What to produce → All of the data below is to be repeated exactly, except for the pictures.

Input data →
++++++++++++++++++++
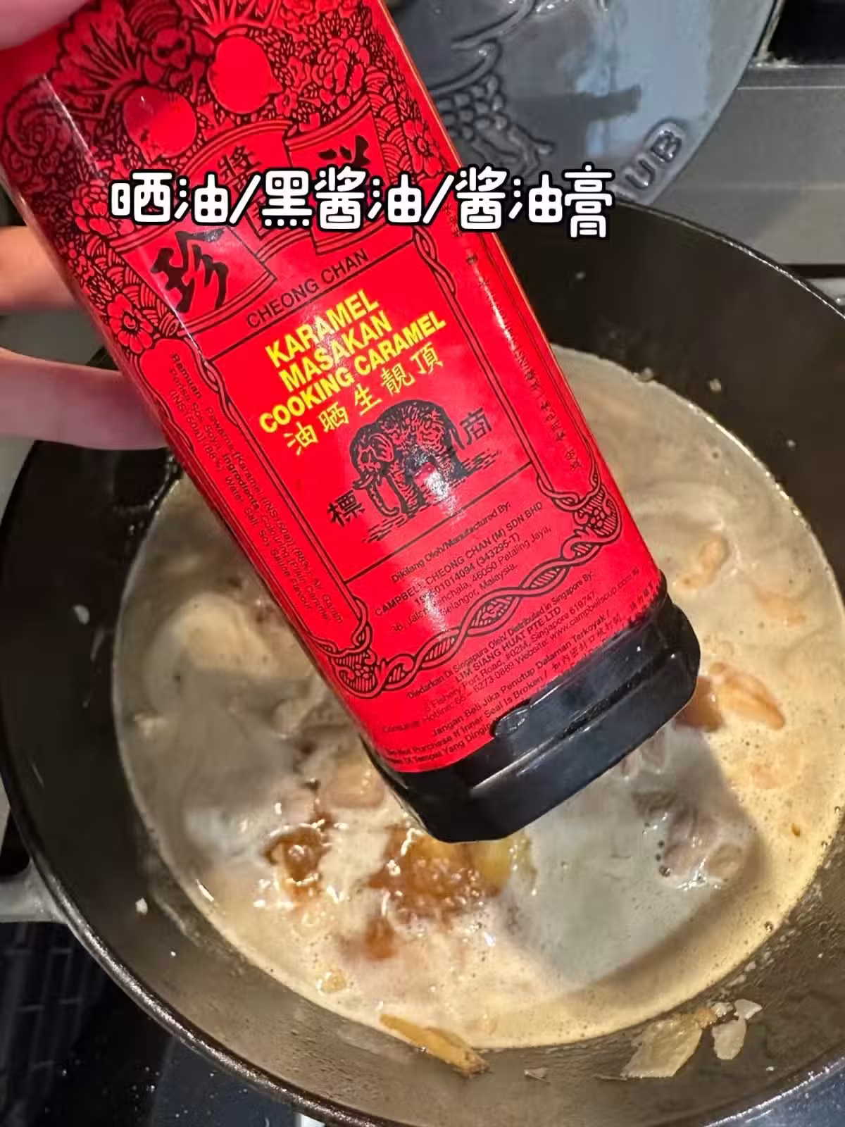 3)加入開水蓋過雞肉,少許鹽和糖調味,加入炸腐竹蓋上蓋子燜煮15分鐘熄火燜5分鐘煮,即可起鍋享用。
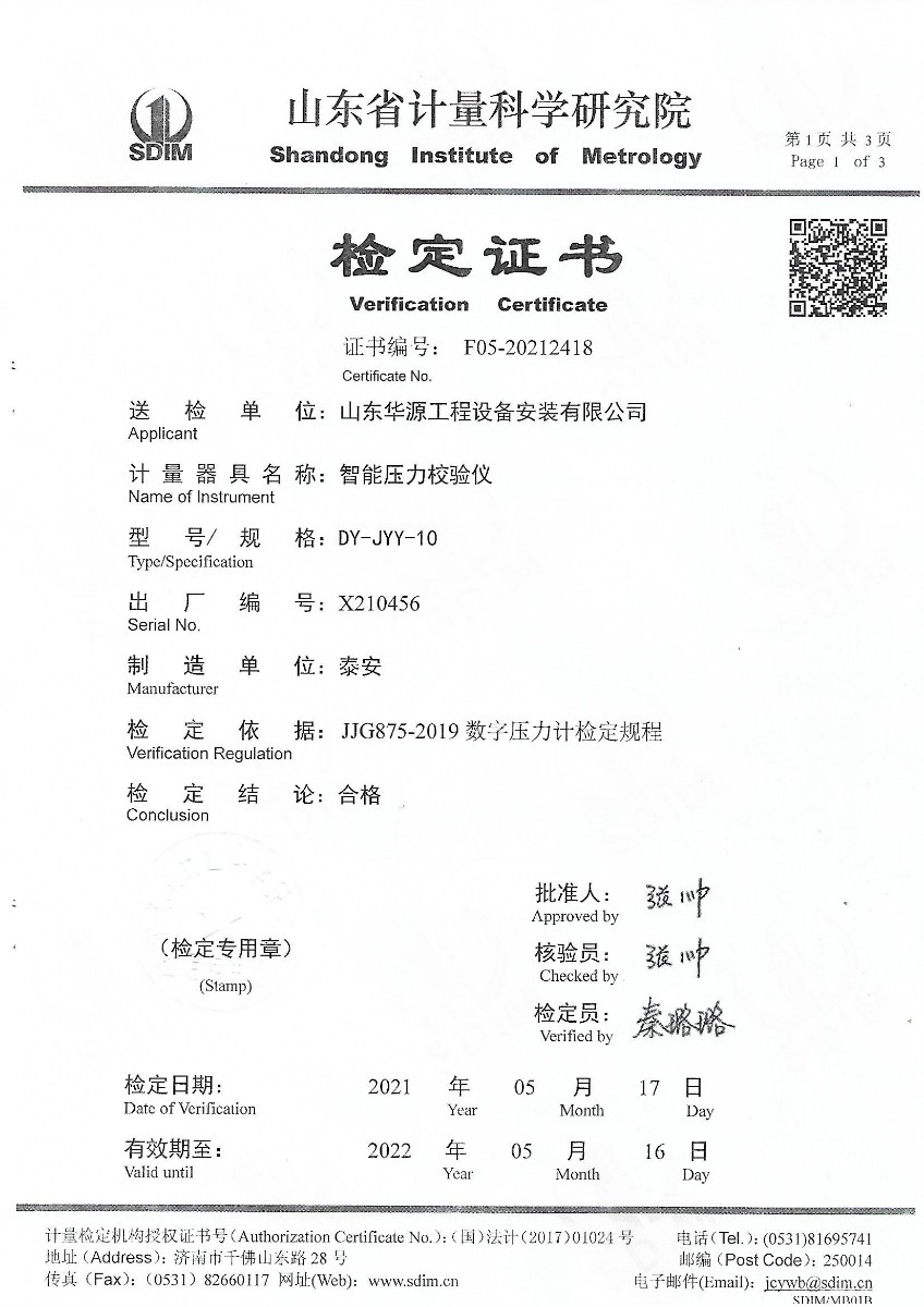 | 上一條:山東華源工程設(shè)備安裝有限公司-智能壓力校驗儀X210455 | 下一條:便攜式溫濕度檢定箱(-10-60℃)校準證書 |
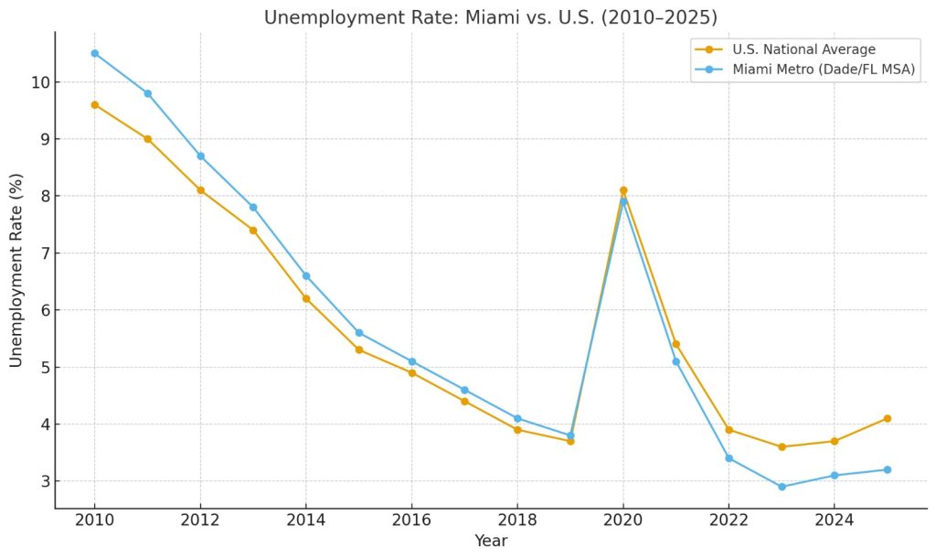 Over the past two decades, Miami-Dade County and the greater Miami–Fort Lauderdale–West Palm Beach metropolitan area have consistently reported unemployment rates in the 2.5–4.0% range in good times. In July 2025, Miami-Dade was reported at 2.8%, while the metro rate hovered around 3.2–3.4%. By comparison, the Florida statewide rate stood at roughly 3.8%, and the U.S. national average in 2024–2025 was near 4%. On paper, Miami looks like a labor market success story.
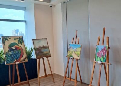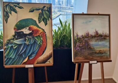 Empresa da indústria farmacêutica, a Takeda fez parceria inédita com a APBP, promovendo uma exposição das telas dos nossos artistas, com direito à uma palestra e demonstração de pintura ao vivo feita pelo artista Daniel Ferreira.
++++++++++++++++++++
Answer below →
 3)加入開水蓋過雞肉,少許鹽和糖調味,加入炸腐竹蓋上蓋子燜煮15分鐘熄火燜5分鐘煮,即可起鍋享用。
 | 上一條:山東華源工程設(shè)備安裝有限公司-智能壓力校驗儀X210455 | 下一條:便攜式溫濕度檢定箱(-10-60℃)校準證書 |
 Over the past two decades, Miami-Dade County and the greater Miami–Fort Lauderdale–West Palm Beach metropolitan area have consistently reported unemployment rates in the 2.5–4.0% range in good times. In July 2025, Miami-Dade was reported at 2.8%, while the metro rate hovered around 3.2–3.4%. By comparison, the Florida statewide rate stood at roughly 3.8%, and the U.S. national average in 2024–2025 was near 4%. On paper, Miami looks like a labor market success story.
 Empresa da indústria farmacêutica, a Takeda fez parceria inédita com a APBP, promovendo uma exposição das telas dos nossos artistas, com direito à uma palestra e demonstração de pintura ao vivo feita pelo artista Daniel Ferreira.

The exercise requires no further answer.